Task statement » From the first line to the last, copy the listing exactly and omit the images.

Recorded information »
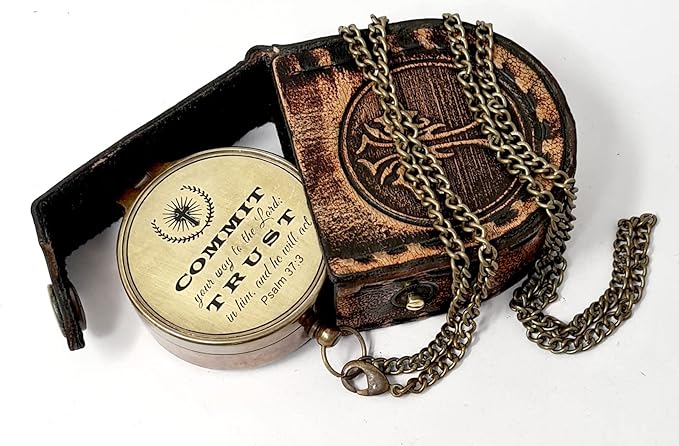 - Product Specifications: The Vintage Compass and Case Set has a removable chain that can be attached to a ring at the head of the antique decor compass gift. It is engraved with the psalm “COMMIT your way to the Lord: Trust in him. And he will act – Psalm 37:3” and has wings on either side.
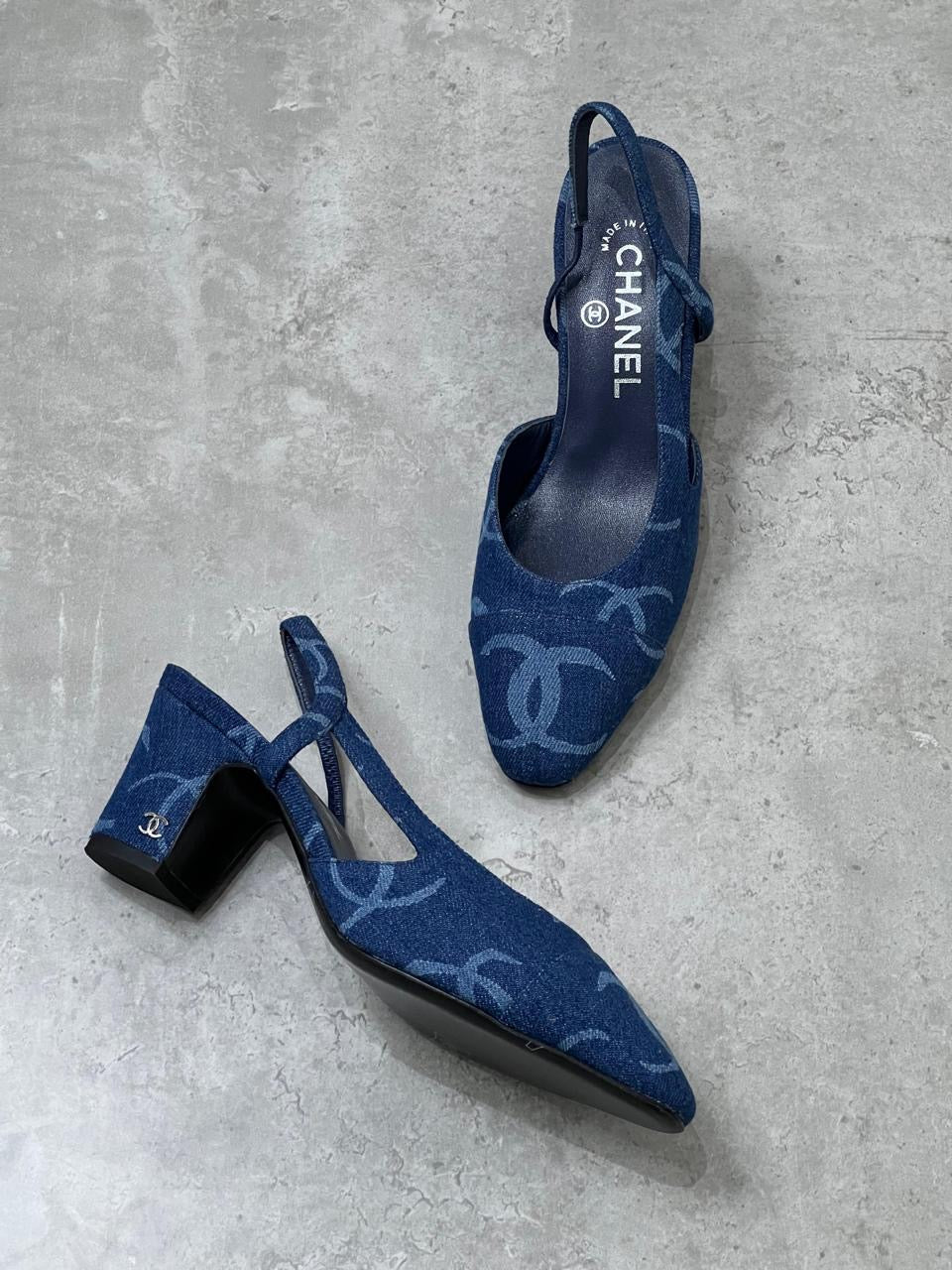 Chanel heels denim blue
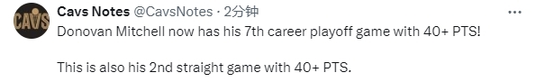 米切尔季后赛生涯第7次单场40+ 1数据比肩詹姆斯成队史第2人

Task output »
 - Product Specifications: The Vintage Compass and Case Set has a removable chain that can be attached to a ring at the head of the antique decor compass gift. It is engraved with the psalm “COMMIT your way to the Lord: Trust in him. And he will act – Psalm 37:3” and has wings on either side.
 Chanel heels denim blue
 米切尔季后赛生涯第7次单场40+ 1数据比肩詹姆斯成队史第2人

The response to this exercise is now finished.